I think it was then that I truly understood the pressures so many models are under, and how miserable their lives must be as they try to keep up with the super skinny look that their industry demands.

My final weigh-in saw that I had lost 17Ibs and 50% of my body fat. Which after everything I had been through strangely, and temporarily, disappointed me. I was nowhere near size zero, and I felt like I had not achieved what I set out to do.

And that's exactly what this is all about: normal women, with normal constitutions set on unachievable goals. And when they don't meet them, they feel like failures.

I could have lost that weight over time, in a healthy, balanced way, and felt wonderful. But being extreme and not giving my body what it needed meant that every effort was futile, and being thin, did not make me happy as you would generally expect.

I was warned to ease myself back into eating slowly, but I can't say I followed that advice. Since ending the diet I have resumed my life as normal. Maybe one day I will try to lose a little more over time. But I never want to go back to how I felt when I was on that diet, and I hope to God, that my experience puts anyone else off trying the same thing. The body needs fuel. Food works, eat it.

sgmwife1
02-06-2007, 09:04 AM
Wow. I agree...food works. Portion control and regular exercise is pretty much all anyone needs. My motto:~ EAT TO LIVE DO NOT LIVE TO EAT~

harrisonsdream
02-06-2007, 09:13 AM
good motto. i have been at a place where i can relate to how hunger is your friend. i'm surprised she went ahead with the "experiment".

Veronica
02-06-2007, 09:42 AM
my problem is I just love food way too much...and use it in ways I shouldnt.

sgmwife1
02-06-2007, 09:54 AM
Food is a tough one for many of us.

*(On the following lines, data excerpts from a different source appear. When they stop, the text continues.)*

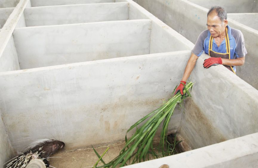 · 海南儋州官媒推介扶贫农产品配图:贫困户在给豪猪喂食
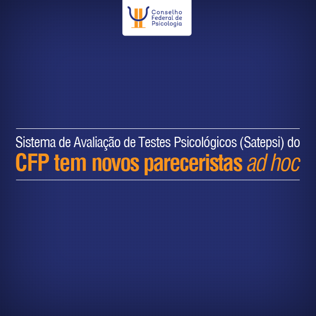 A Comissão em Avaliação Psicológica do Conselho Federal de Psicologia (CFP) já tem uma nova turma de pareceristas ad hoc do Sistema de Avaliação de Testes Psicológicos (Satepsi). Os selecionados foram aprovados em Edital de Chamada Pública e já passam a fazer parte do banco de avaliadores do CFP.
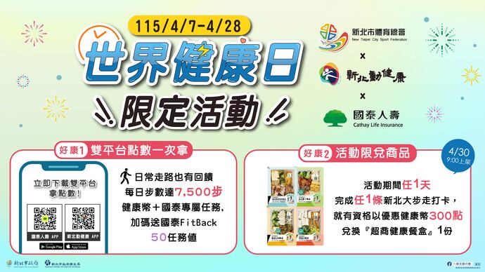 在新北市體育總會理事長蔣根煌積極協調與整合下,成功串聯公私部門資源,透過活動連結機制推動跨平台合作,民眾只要每日累積步數達7,500步,即可同時獲得「新北動健康APP」健康幣及「國泰人壽APP」任務點數。 除了雙平台回饋,衛生局在新北市體育總會的支持下,加碼推出「超商健康餐盒」限兌獎勵。 民眾只要於115年4月7日至4月28日活動期間,完成任1條「新北大步走路線」打卡,即可取得資格,以優惠健康幣兌換健康餐盒1份,鼓勵市民透過實際行動累積健康成果。
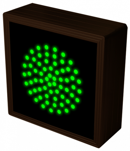This TCL Series Indicator Dot, Single with Optional Flashing, 4 in dia, Green (120-277VAC). Outdoor, blank-out sign is designed with super bright LEDs and a contrasting face; we guarantee it's readable in direct sunlight. The sign message is formed by visible LEDs on a black sign face and is designed to illuminate the message(s) when turned on and blank out or extinguish the message when off.
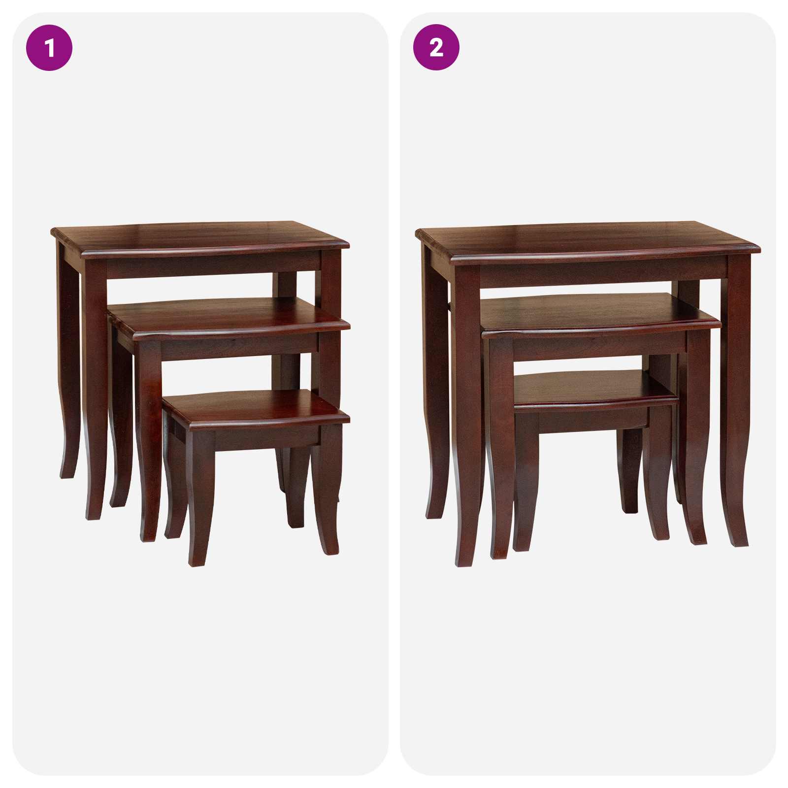 - Finitura in mogano massello: Questo set di tavolini è realizzato in legno massello di mogano premium, noto per la sua resistenza e i suoi bei motivi. La lavorazione attenta assicura che siano una scelta duratura e bella per l'uso quotidiano.
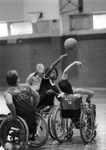 During a wheelchair basketball game between Fort Worth and Arlington teams, Eric Harris (left) and Monty Youngblood of Arlington tip the ball, 11/09/1983
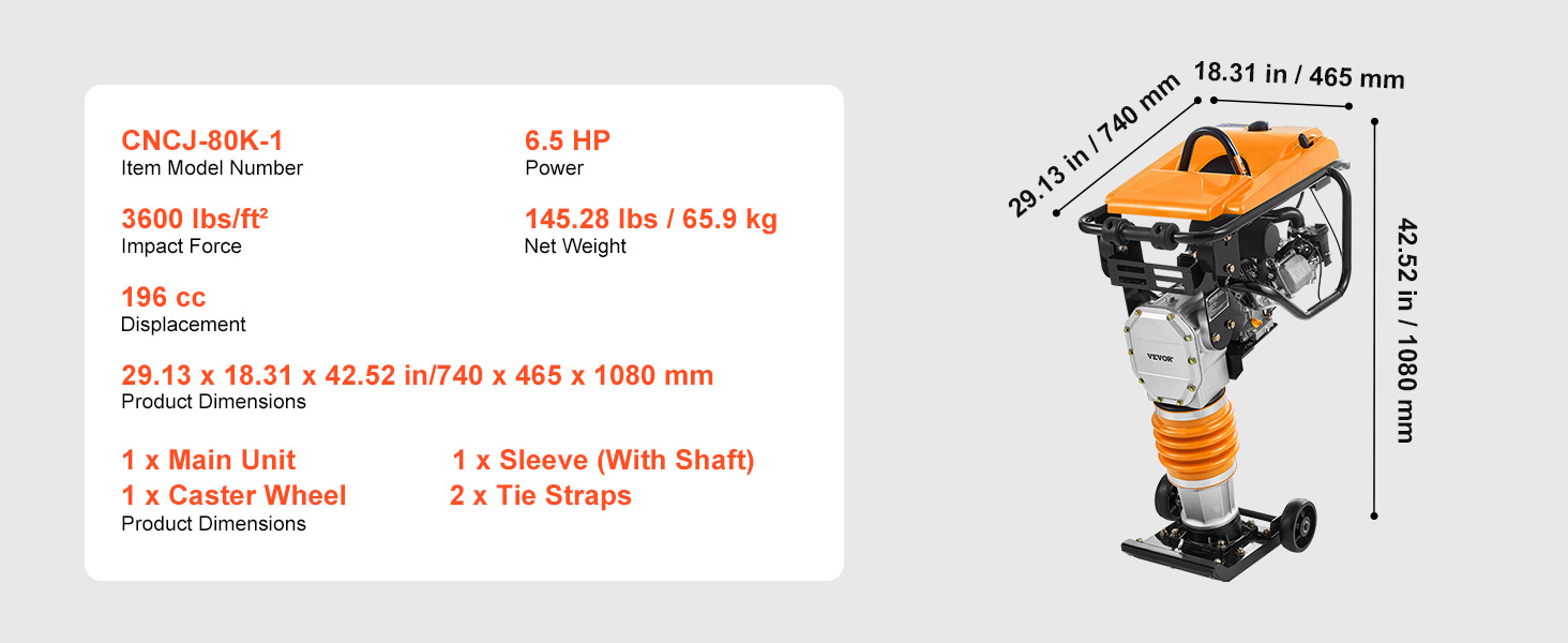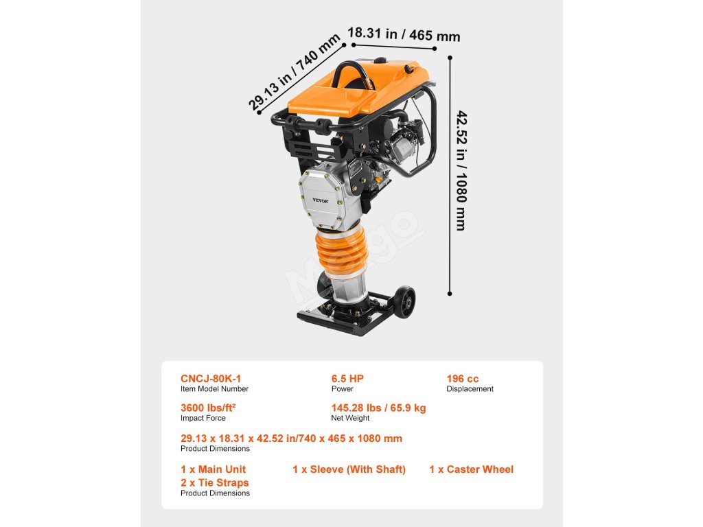 Tento zhutňovač, vybavený motorom s výkonom 6,5 HP a údernou silou 3500 libier, si ľahko poradí s rôznymi typmi pôdy na efektívne zhutňovanie a splní všetky vaše stavebné potreby.
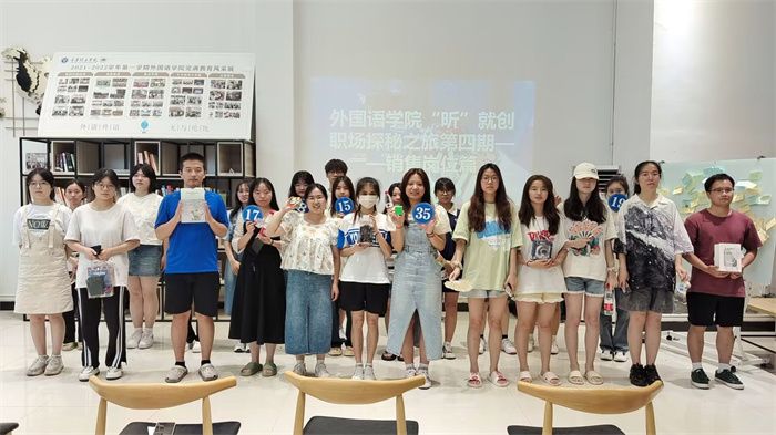 2023年5月31日,外国语学院“昕”就创——职场探秘之旅第四期销售岗位篇,在天渠玻璃房圆满举行。此次活动外国语学院就业助理团以打破学生对于销售岗位的信息壁垒,培养学生的职业素养,以及更好地将理论与实践融会贯通,更好地适应未来的工作为宗旨。让同学们通过有关销售知识的活动体验,更深入了解销售岗位,进而让学生辐射思维,灵活地找到自己心仪且合适的职业。
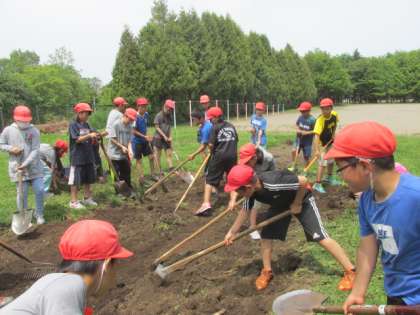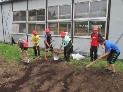 プール奥にある教材園耕しもしました。そろそろ野菜の苗を植えます。
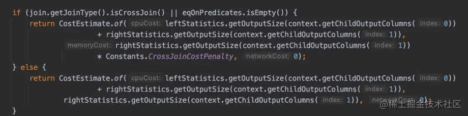 - memoryCost 为右孩子的输出数据大小。做 HashJoin,右表为 Builder 表,占用内存,如果是 crossJoin 会计算对应的 Penalty(此处为10^8L)。
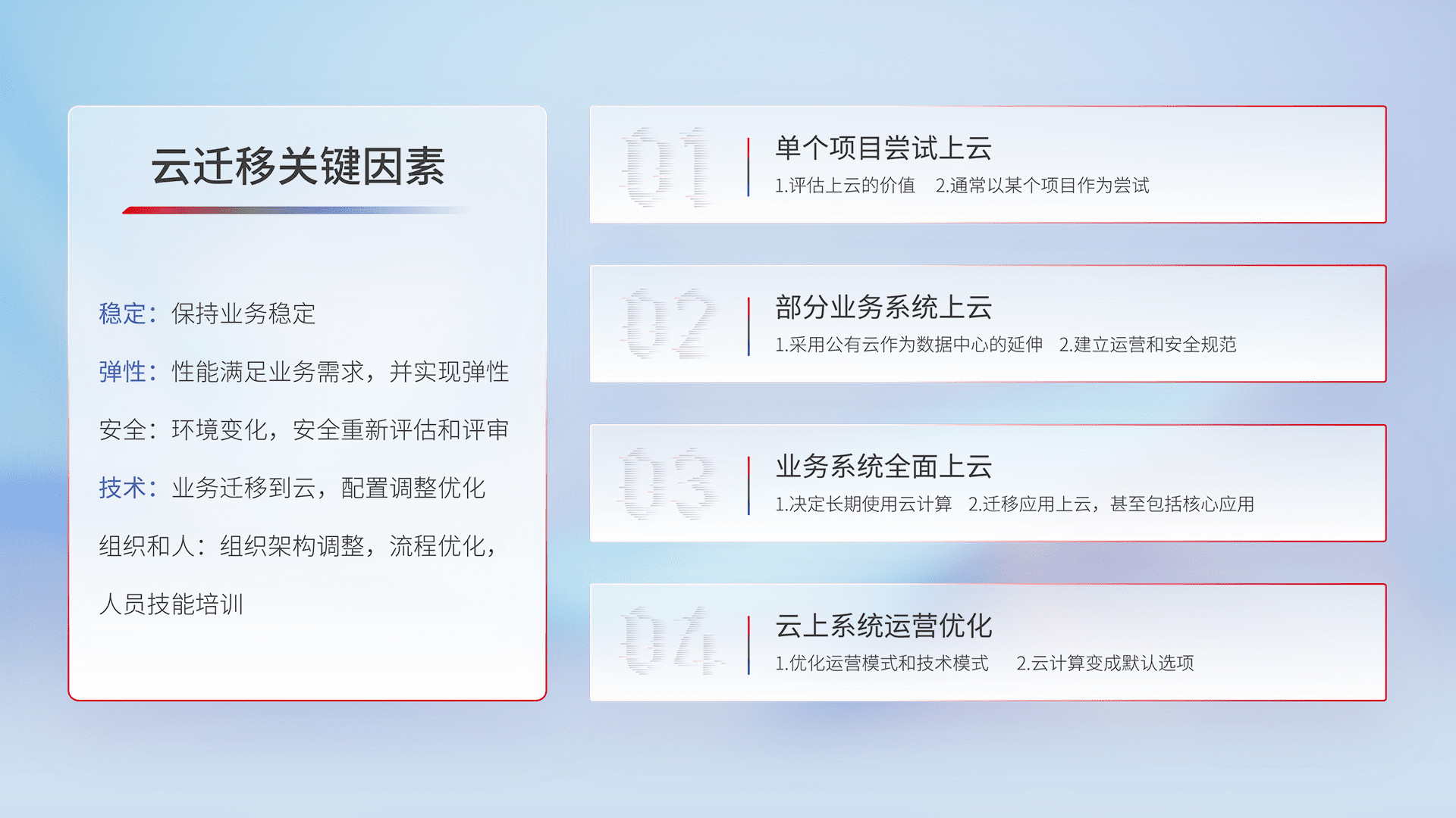 结合实际业务,,从规划设计、、、、云平台选型、、云原生改造、、、、数据迁移、、、、集成交付,,,迁移全过程为客户识别最佳上云路径,,做好风险识别管理,,设计网络架构、、、、身份权限、、、、安全审计合规、、、操作审计、、日志审计、、、监控告警策略、、、、多站点容灾设计等,,对云上基础设施进行整体规划,,,提升IT治理水平,,,以满足弹性、、、高可用、、、高性能的需求。。

My motto is a reminder to myself. There are occasions when I tend to fill myself up on food when in reality I need to purge myself of the emotion causing me to eat.

Veronica
02-06-2007, 10:06 AM
I use food when I'm bored...I LOSE my appetite when I've got emotional issues...

sgmwife1
02-06-2007, 10:08 AM
I use food when I'm bored...I LOSE my appetite when I've got emotional issues...
I used to lose my appetite when I was stressed...I seem to have the opposite issue now. I dont know why, but, thank goodness I work at a fitness center.

SchlegelsBaby
02-06-2007, 10:24 AM
As a former anorexic and bulimic girl, I can understand all the things that this woman said. I could never do that to myself again, and I wish that others out there who are trying this would realize it is not safe. Actually, being completely honest, the media and all that should stop saying that anything bigger than a 3 is fat. I'm so tired of looking at the stars in Hollywood, musicians, and models having to be so skinny. You don't have to be skinny to be beautiful and to show off what ya got. Thats just my 2 cents though.

carlyn<3arvin
02-06-2007, 10:47 AM
Wow. I agree...food works. Portion control and regular exercise is pretty much all anyone needs. My motto:~ EAT TO LIVE DO NOT LIVE TO EAT~

my dad told me bout that motto one time...i forgot where he got it though.